→ **Directions for this task**
Copy the data that follows exactly. Include no pictures.

→ **Supplied material**

○ ○ ○ ○ ○ ○ ○

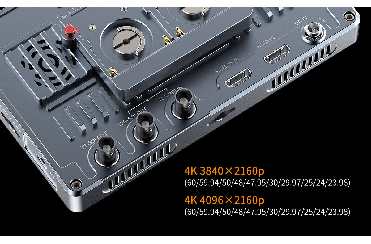 Equipped with 12G-SDI and 4K HDMI inputs and outputs, supports up to 4096x2160/60p &3840x2160/60p signal, compatible with professional camcorders and the latest DSLR cameras on the market. In addition, S7 also comes with a 3G-SDI output and provides a 3.5mm headphone jack to monitor audio.
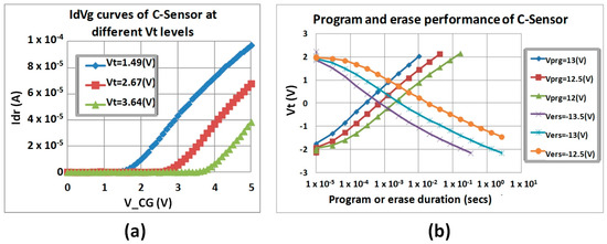 The important characteristic of the radiation sensor is its coupling ratio (CR)—the relation between the control capacitor (STI) and read-out capacitor (GOX) values. A high coupling ratio (above 10) ensures high gm of the read-out NMOS (close to that of standard NMOS) and allows to minimize the injection voltages (the applied voltages falls on the GOX between the FG and the substrate). The layout of one of the developed sensor with minimum Design Rule (DR) NMOS and CR = 10 is shown in Figure 1e. Id-Vg characteristics for different amount of charge in FG (readout mode) are presented in Figure 2a. The charging/discharging curves of the sensor are shown in Figure 2b.
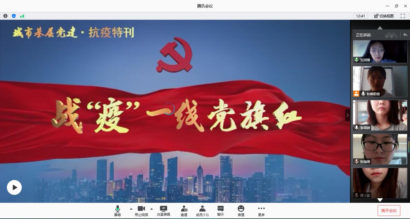 为扎实推进“牢记初新使命,争当出彩先锋”主题教育,不断升华理想信念,传承红色基因,牢记初心使命。6月28日下午,pp电子官网研究生党支部组织开展《战“疫”一线党旗红》线上观影学习交流活动,支部全体党员参与会议,会议由支部副书记李频捷主持。
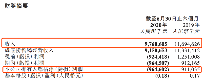 海底捞:上半年亏损近10亿港元

○ ○ ○ ○ ○ ○ ○

→ **Output for this exercise**
 Equipped with 12G-SDI and 4K HDMI inputs and outputs, supports up to 4096x2160/60p &3840x2160/60p signal, compatible with professional camcorders and the latest DSLR cameras on the market. In addition, S7 also comes with a 3G-SDI output and provides a 3.5mm headphone jack to monitor audio.
 The important characteristic of the radiation sensor is its coupling ratio (CR)—the relation between the control capacitor (STI) and read-out capacitor (GOX) values. A high coupling ratio (above 10) ensures high gm of the read-out NMOS (close to that of standard NMOS) and allows to minimize the injection voltages (the applied voltages falls on the GOX between the FG and the substrate). The layout of one of the developed sensor with minimum Design Rule (DR) NMOS and CR = 10 is shown in Figure 1e. Id-Vg characteristics for different amount of charge in FG (readout mode) are presented in Figure 2a. The charging/discharging curves of the sensor are shown in Figure 2b.
 为扎实推进“牢记初新使命,争当出彩先锋”主题教育,不断升华理想信念,传承红色基因,牢记初心使命。6月28日下午,pp电子官网研究生党支部组织开展《战“疫”一线党旗红》线上观影学习交流活动,支部全体党员参与会议,会议由支部副书记李频捷主持。
 海底捞:上半年亏损近10亿港元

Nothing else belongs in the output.